(Data items)
******
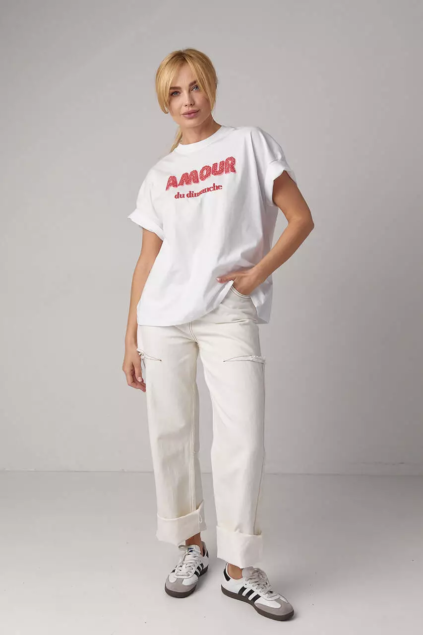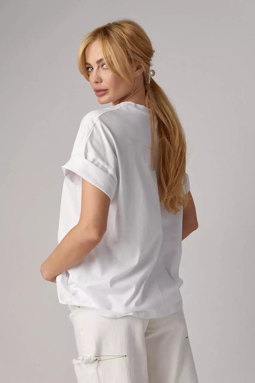 Эта модель идет с прямыми краями внизу, короткими рукавами и
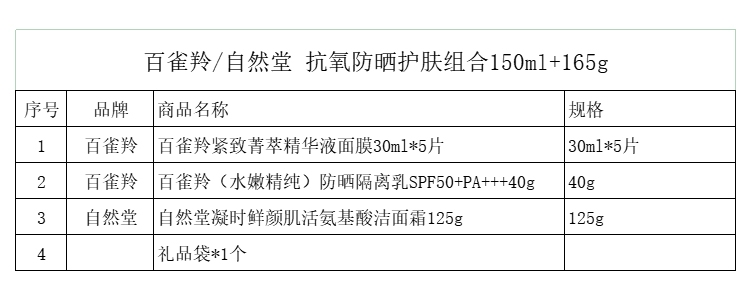 配置清单:百雀羚紧致菁萃精华液面膜30ml*5片 百雀羚(水嫩精纯)防晒隔离乳SPF50+PA+++40g 自然堂凝时鲜颜肌活氨基酸洁面霜125g 礼品袋*1个
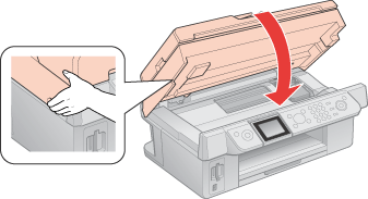Skriveren står på en flat, stabil overflate som er større enn sokkelen i alle retninger. Skriveren vil ikke fungere korrekt hvis den står på skrå.
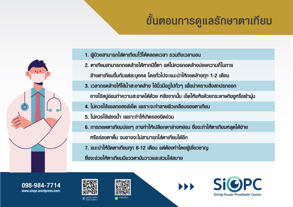 - แนะนำให้ขัดตาเทียมทุก 6-12 เดือน แต่ต้องทำโดยผู้เชี่ยวชาญ ซึ่งจะช่วยให้ตาเทียมมีแววตามันวาวและสวมใส่สบาย
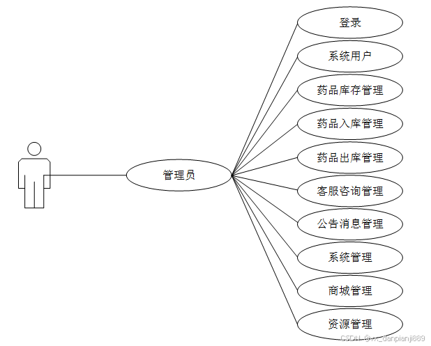 管理员登录成功后,可以进行用户管理、药品库存管理、药品入库管理、药品出库管理、客服咨询、系统管理、资源管理、公告消息管理、商城管理等功能。
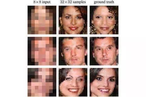 但是,有很多情况下,我们只有一张图像,无法拍摄多张,那么如何做超分辨率呢?这就需要用到机器学习了。比较典型的例子,就是在2017年Google 提出的一项“黑科技”。他们可以通过机器学习来消除视频图像中的马赛克。当然,这项黑科技也有一定限制,以下图为例,它训练的神经网络是针对人脸图像的,那么如果你给的马赛克图像不是人脸,就无法还原。
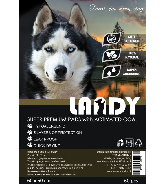 LANDY Пелюшки для домашніх тварин з активованим вугіллям 60х60 (60 шт)
******
THE PROBLEM: Leave out the pictures. Transcribe only the lines above, from the first through the one that contains "百雀羚(水嫩精纯)防晒隔离乳SPF50+PA+++40g 自然堂凝时鲜颜肌活氨基酸洁面霜125g 礼品袋*1个".

OUTPUT FOR THIS TASK:
 Эта модель идет с прямыми краями внизу, короткими рукавами и
 配置清单:百雀羚紧致菁萃精华液面膜30ml*5片 百雀羚(水嫩精纯)防晒隔离乳SPF50+PA+++40g 自然堂凝时鲜颜肌活氨基酸洁面霜125g 礼品袋*1个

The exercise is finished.